When put into the feeding pens, ducks in foie gras farms fear handlers and try to avoid them as much as they can. After the forced feeding, birds will begin panting and struggle to walk as they try to escape. Often ducks are injured during gavage. Their beaks can be wounded or broken, their esophagus damaged, and their tiny bodies can hardly handle the side effects of obesity brought on by the feedings.

Another often unseen cruelty in the foie gras industry is that farmers only raise male geese or ducks for foie gras. Female ducklings or geese are of no use to the foie gras industry, so they are thrown into grinders alive or suffocated shortly after they hatch. This killing process is similar to how farmers discard male chicks in egg farming facilities.

An anti-foie gras action by People for the Ethical Treatment of Animals.
Photo by: We Animals Media

At the dawn of the 21st century, animal rights activists began speaking out against foie gras and drawing attention to the cruel methods used against the ducks slaughtered for it. Over the years, several countries and states have passed laws limiting or banning foie gras; yet it is still considered a delicacy in some places, particularly in French cuisine.

Chicago became the first city to enact a restaurant ban against foie gras in 2006, though the state repealed the law in 2008. The same thing happened in California in 2012 when they passed a foie gras ban, which got revoked in 2015. In 2017, California’s foie gras ban was upheld by a circuit court judge and backed by the Supreme Court in 2019.

New York City passed a bill in 2019 to ban retailers and restaurants from selling foie gras. This bill was supposed to go into effect in November 2022. Still, as of January 2023, New York State is fighting the ban, saying it ‘violates state law’ because it ‘unreasonably restricts’ farm operations. The ban is on hold until lawsuits by Upstate New York Farms go through the courts.

In 2022, FARM Animal Rights Movement started a ‘Foie Gras Free DC’ campaign calling on restaurants in the Washington, D.C. area to stop using foie gras. The petition calling for restaurants to stop serving foie gras has reached over 27,000 signatures at the time of this article.

The petition states: “The production of foie gras is inhumane and unnecessary. The force-feeding process can cause injury to the esophagus, and the forcibly fattened birds can suffer from difficulty walking, vomiting, confinement, and more. And yet restaurants throughout Washington, D.C., are still serving it. We need your signatures to take to restaurants throughout D.C. to show them that foie gras should be a thing of the past!”. 

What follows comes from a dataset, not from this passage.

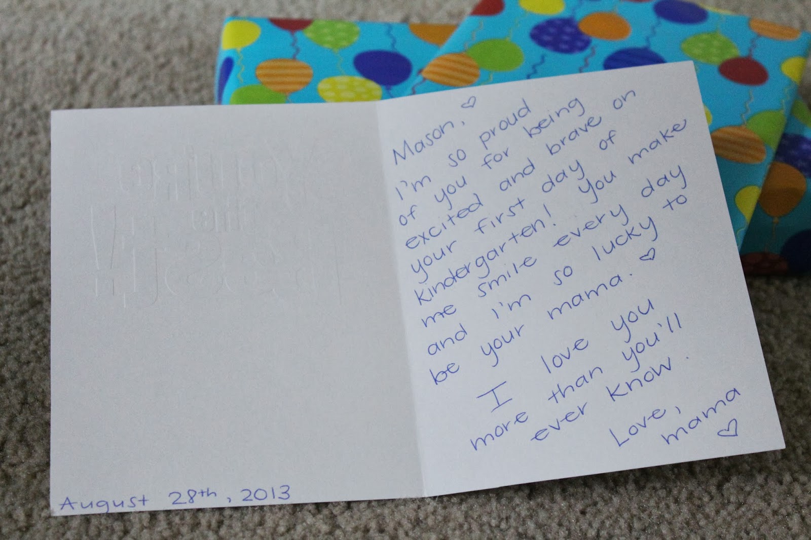 So I wrapped them up. A first day of school present. And when Mason got off that bus, running across the road screaming "mamaaaa!", I swear I've never been happier to see him. It was a rough seven hours.
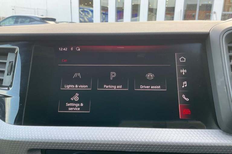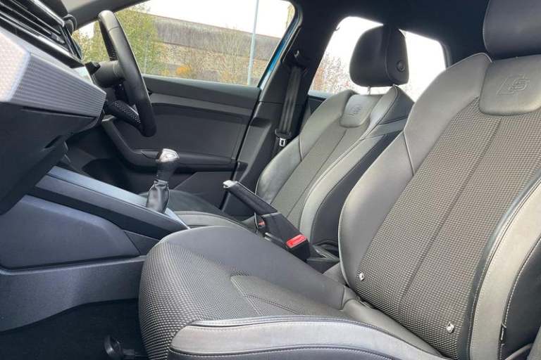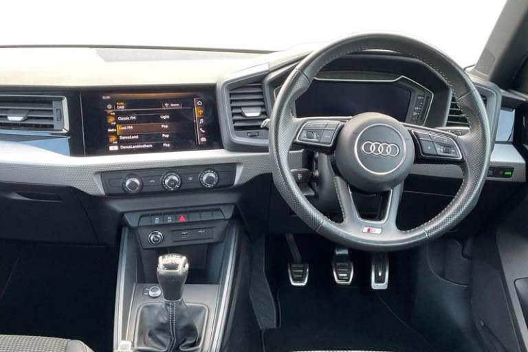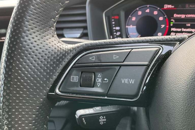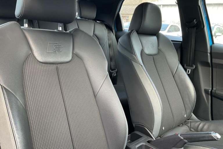 10.25 Digital instrument cluster display classis style instrument dials + speed, odometer, time, outside temperature, telephone menu + fuel level warning, Advanced driver attention and drowsiness monitor, Audi connect emergency call and service, Audi remote connect and control, Bluetooth interface, Camera based traffic sign recognition, Cruise control, Driver's information system, Electromechanical power steering, Lane departure warning system, Rear parking sensor, Service interval indicator, Smartphone interface, Speed limiter, Start stop system with recuperation, Voice control system, Washer fluid level indicator, Auto dimming rear view mirror, Body coloured door mirrors, Door sill trims with aluminium inlays and S line logo in front, Electric front and rear windows, Electrically adjustable, heated, folding door mirrors with integrated LED side indicator, Front side air inlets in grained matt black and C frame in anthracite black, Headlight cleaning system, Heat insulating glass windscreen and side windows, Heated rear windscreen, High level LED brake light, LED daytime running lights, LED headlights with range control LED rear lights + dynamic rear indicators, Light and rain sensors, Privacy glass, Radiator grille and rear diffuser in matt anthracite black, Radiator protective grille frame in matt aluminium silver, Rear fog lights, Rear side wing doors, Rear wiper, Side front spoiler lips in grained matt black, 12V socket in centre console with two cup holders, 3 rear seats

The Future is Foie Gras Free

There’s no denying that every ounce of foie gras comes with 100 lbs of cruelty. We look forward to a day when people discuss how barbaric previous generations were to condone the treatment these sentient beings suffer. Until that day, animal rights activists will never stop speaking out against the inhumane treatment of ducks around the world raised for foie gras.